L’assainissement du secteur pharmaceutique et la protection de la santé des populations est une noble mission que nul ne saurait occulter. Mais, cet assainissement devrait se faire avec beaucoup de finesse pour éviter d’aggraver le problème qu’on voudrait endiguer.

Depuis des années, les professionnels du secteur du médicament et l’Etat s’emploient à bannir la vente du médicament et autres produits de santé sur le marché parallèle en Guinée. Mais, le manque de stratégies a toujours fait échouer leur combat.
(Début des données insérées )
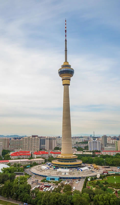 中央電視塔,位于中國北京市海淀區(qū),占地面積15.4公頃,塔高405米,始建于1987年1月,于1994年10月對(duì)外開放,是集廣播電視發(fā)射和旅游觀光、餐飲、娛樂為一體的綜合性建筑。中央電視塔由棧橋廣場(chǎng)、退臺(tái)環(huán)廊、塔基、塔座、塔身、塔樓和桅桿組成。塔的造型別致,祈年殿式的重檐形式塔座;從地面升高到223米處,筒徑半徑向外挑出10米,形成一宮燈形的塔樓。采取混凝土整體澆注法,能達(dá)到抵抗九級(jí)地震的建筑要求。

En vérité, la difficulté de mettre en application une interdiction du médicament sur le marché parallèle réside en partie dans le fait que plus de la majorité de la population guinéenne s’approvisionne de médicament dans ce marché, auprès des non-professionnels. Ça ne serait pas exagéré de dire que plus de 85% des Guinéens achètent leurs ordonnances au niveau du marché illicite. Les pharmacies sont très peu répandues dans les villes et villages du pays. Et, là où elles existent (à Conakry et environs), les prix des produits ne sont pas à la portée du Guinéen lambda. Alors que de nombreux détenteurs de pharmacies professionnelles s’approvisionnent dans le marché illicite.

« Dans les pharmacies, on te facture le médicament et la climatisation », font souvent remarquer les citoyens pour ainsi exprimer la cherté des prix.

En avril 2019, le ministre de la Santé (à l’époque Edouard Niankoye Lama) avait interdit toute vente de produits pharmaceutiques par les non-professionnels sur toute l’étendue du territoire national. Il avait d’ailleurs ordonné la « fermeture sans délai » de toutes les boutiques de vente de produits pharmaceutiques tenues par les non-professionnels dans tout le pays. Cette mesure devait être exécutée par « Médicrime », une brigade de répression créée pour coordonner les actions de répression et de contrôle du respect des règles dans le secteur du médicament. Malheureusement, cette interdiction n’a pas produit les résultats escomptés. Et, on est revenu à la case de départ. La présente interdiction pourrait subir le même sort, d’autant plus que les causes produisent toujours les mêmes effets.